Beetle 树莓派RP2350 - 便携INA219功率计

Beetle 树莓派RP2350 - 便携INA219功率计

本文介绍了 DFRobot Beetle RP2350 开发板结合 INA219 模块实现功率计，并通过 LabVIEW 上位机串口采集 INA219 电流、电压数据的项目设计。

项目介绍

本项目包括 INA219（关键部件）芯片介绍、工作原理、参数特点等信息，在此基础上实现工程代码编写、硬件测试等流程，最终实现功率计制作。
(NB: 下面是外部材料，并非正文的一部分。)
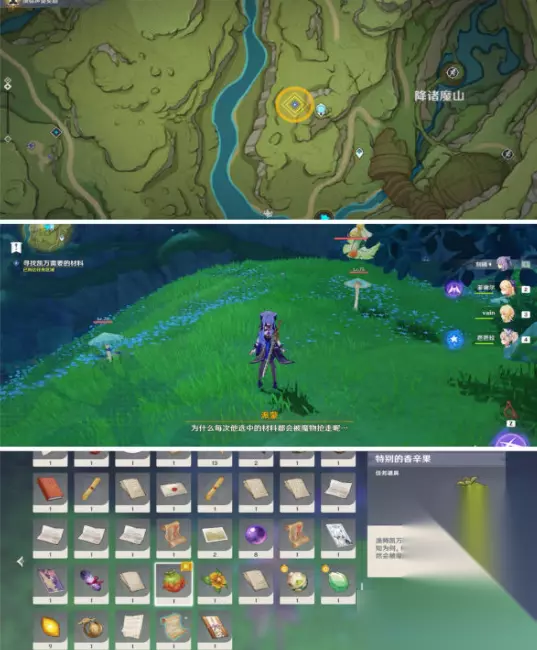 3.根据任务指引将薄荷交给凯万后,又要我们去找“特别的香辛果”。 在降诸魔山的左下方,击败中间的翼蕈兽,即可获得任务道具“奇特的香辛果”。

结合LabVIEW上位机，实现功率数据采集和曲线分析等。

INA219 模块

DFRobot Gravity：I2C数字功率计 是一款可测量 26V, 8A 以内各类电子模块、用电设备的电压、电流和功率，最大相对误差不超过±0.2%的高分辨、高精度、大量程测量模块（首次使用需进行手动校准）。

可用于太阳能系统、电池库仑计、电机、主控板或电子模块的功耗测量、电池续航评估与实时电源参数在线监控。

模块采用 TI INA219 零温漂电流/功率监控芯片和 2W 大功率低温漂 10mΩ 合金采样电阻，

电压和电流分辨率分别可达 4mV 与 1mA，

在满量程测量条件下，电压与电流的最大测量相对误差不超过±0.2%，

并提供4个可通过拨码开关配置的I2C地址。

模块可对双向高侧电流（流经电源或电池正极的电流）进行准确测量，这在太阳能或库仑计应用，电池既需要充电，也需要放电的场合尤为有用，

用户可通过电流的正负读数了解电池的充放电状态，也可以了解电池的冲放电的实时电压、电流与功率。

在电机应用场景，可通过实时监控电机电流是否由于堵转或负载过大导致电流过大，从而及时采取保护措施。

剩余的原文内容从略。